Thanks for the suggestions. I'd love to try out a Hobie PA 14, but it seems that everywhere I look nearby only carries the PA 12. I would hate to order it and it actually come up short of its listed capacity of 600 lbs. I can already picture me slowly sinking on day one singing "fat man in a little boat"


----------



## Fraykuss

I have the Big Game and at 6'1" 250 I have no issue with it and all my gear. I can sit sideways with legs in the water and fish. It is very stable. Unless I try to stand up


----------



## mytmouse

+1 on the Big Game. I've got one and can throw whatever I want to on it and have never felt tippy! Word to the wise on those Pro Angler's, they look like a pain to re-enter, ESPECIALLY if you flip it. It's a big boat that will take A LOT of energy to right and the way it sits higher on the water a lot to re-enter.


----------



## bbcroaker

If you want to pedddle yes go for the PA.You'll need a trailer it is very heavy &bulky. To me not a kayak but a peddle boat I would just as soon get a Carolina Skiff.
I'd vote for the Ocean Kayak Big Game or the Prowler 15 or the Malibu Xfactor.My personal opinion. 
As someone posted above would be best for you to paddle or peddle one and then decide what is best for you.Good Luck!


----------



## redgrappler

The pro angler can definitely handle your size w/o any issue. I'm a pretty heavy dude as well, and I don't even use the scupper plugs in my pa. With that said, I have paddled a Wildy Ride 135 for years, the boat handles great but it is a wet ride. Mind you, I had a 2006.


----------



## bcssux

Are you able to re-enter your PA in deeper water?


----------



## USEF THE MAG

Pro anger 12 is 500 lb capacity. check out http://www.youtube.com/watch?v=uRd1ha2rE0A&feature=youtu.be


----------



## redgrappler

bcssux said:


> Are you able to re-enter your PA in deeper water?

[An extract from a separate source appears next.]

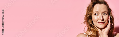 A striking woman exudes elegance while posing gracefully in front of a vibrant pink background.
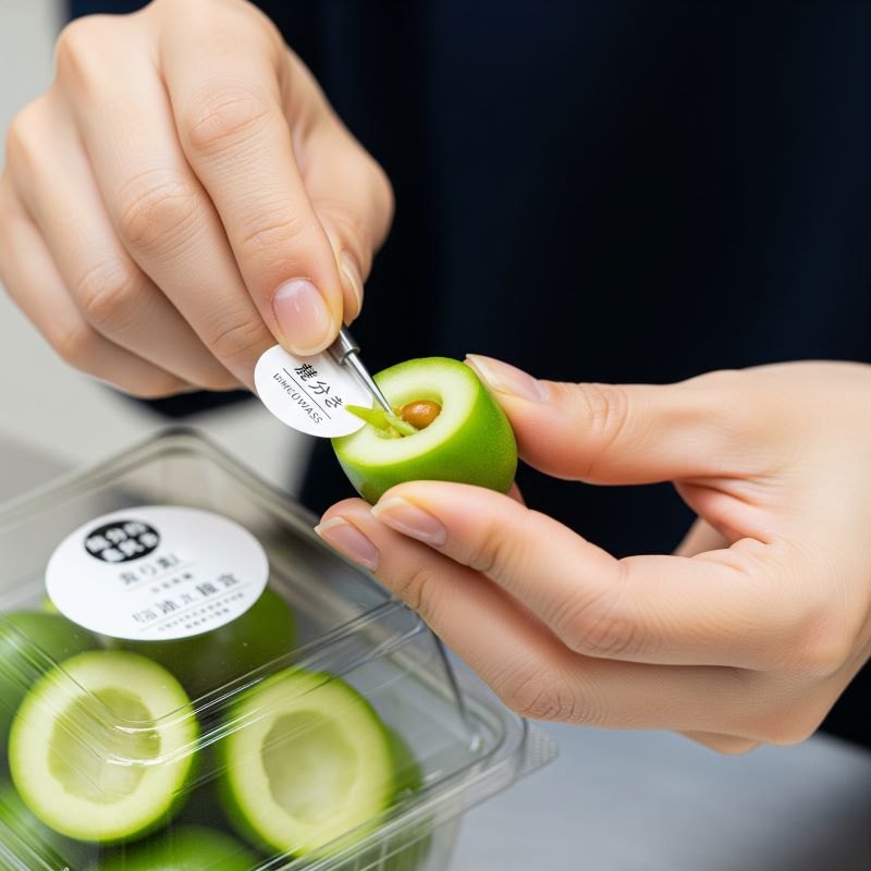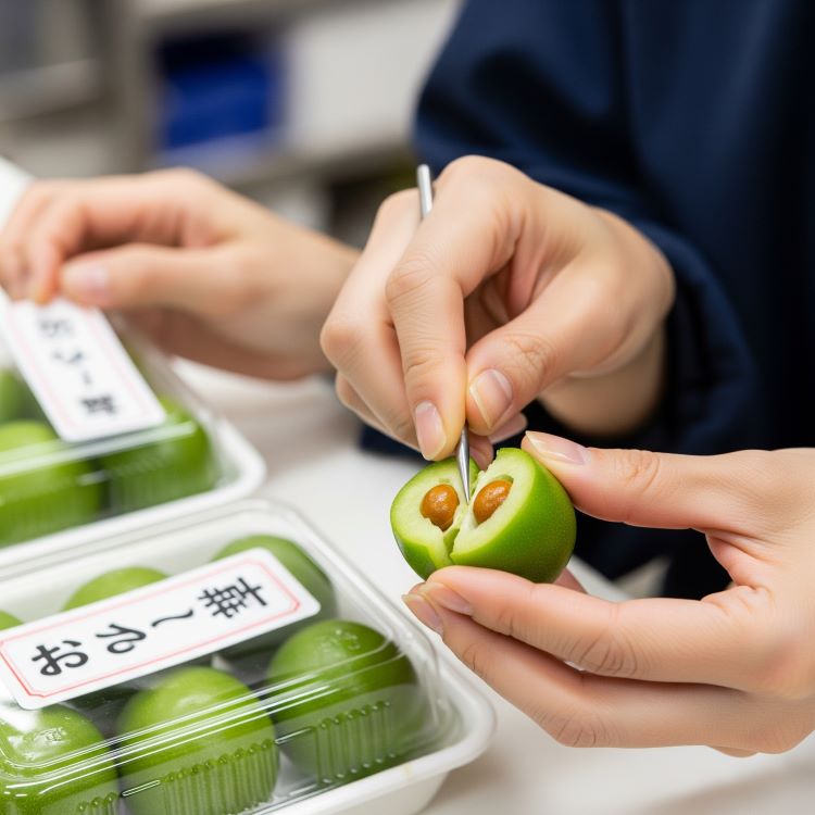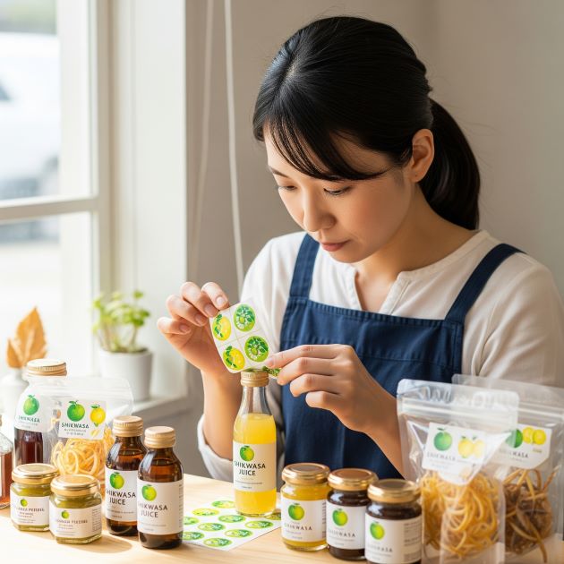 食品工場内でのシークワーサーの種取、製品のシール貼り、箱詰め

I'm a heavy guy, but I put my work in to make sure I am able to self rescue. I have self rescued with full neoprene waders, pfd, in the cold. With that said, I always had my buddies with me. 

There is a device that a guy named kayak Willy created to assist with self rescue also.

http://www.youtube.com/watch?v=v-U78viYWKs&feature=plcp


----------



## biteon

stealth 14 is up to 600lbs


----------



## tritonboats

I would look at the Malibu X Factor 14 or the Stealth 14...both have a capacity of 550 lbs....I have both and absolutely love it for the stability, storage capacity, live well, etc. Check them out on www.malibukayaks.com


----------



## bbcroaker

I like the Ocean Kayak Prowler line of kayaks. The Prowler Trident 15 is rated 500-550lb and the Big Game 550-600lb.
All of the ones mentioned here have a good load capacity but before I purchased one I would paddle some of these and go from there. You may not like kayaks at all but I doubt it!
Before I purchased one I paddled a Big Game 3 times but ended up with a Prowler Trident 15 after paddling one.
So get what works for you the best after paddling one.
Oh by the way I'm on my 6th kayak in 6yrs now. Thought every one I had was the best for a while.


----------



## draggsxr1000

2012 ride 135 or 115 i have both. And im over 350. Also jackson big tuna


----------



## wannabeangler

I'm with Frakuss! I have a Ride 135 and I'm no small fella. I'm 6'2" at 250. There are a lot of yaks that can handle heavier weights. I used to fish with a guy that had an OK Big Game and he weighed closer to 275. The Big Game can handle up to 600 lbs. The best advice to you would be to go to a "specialty store".....A.R.C. (Appotmatox River Company)....and let the pros steer you in the right direction. A Pro Angler is a great yak....or dare I say....jonboat! You just need to go and ask those that deal with yaks all the time as opposed to going to a store that sells them amongst other stuff.


----------



## bbcroaker

I've purchased 3 kayaks from A.R.C. Great bunch of people.But I think they are to far forom"bcssux"


----------



## dena

Look at the BigGame in a thread below this one.
They are barges, but they are stable, and can carry the OP's weight.


----------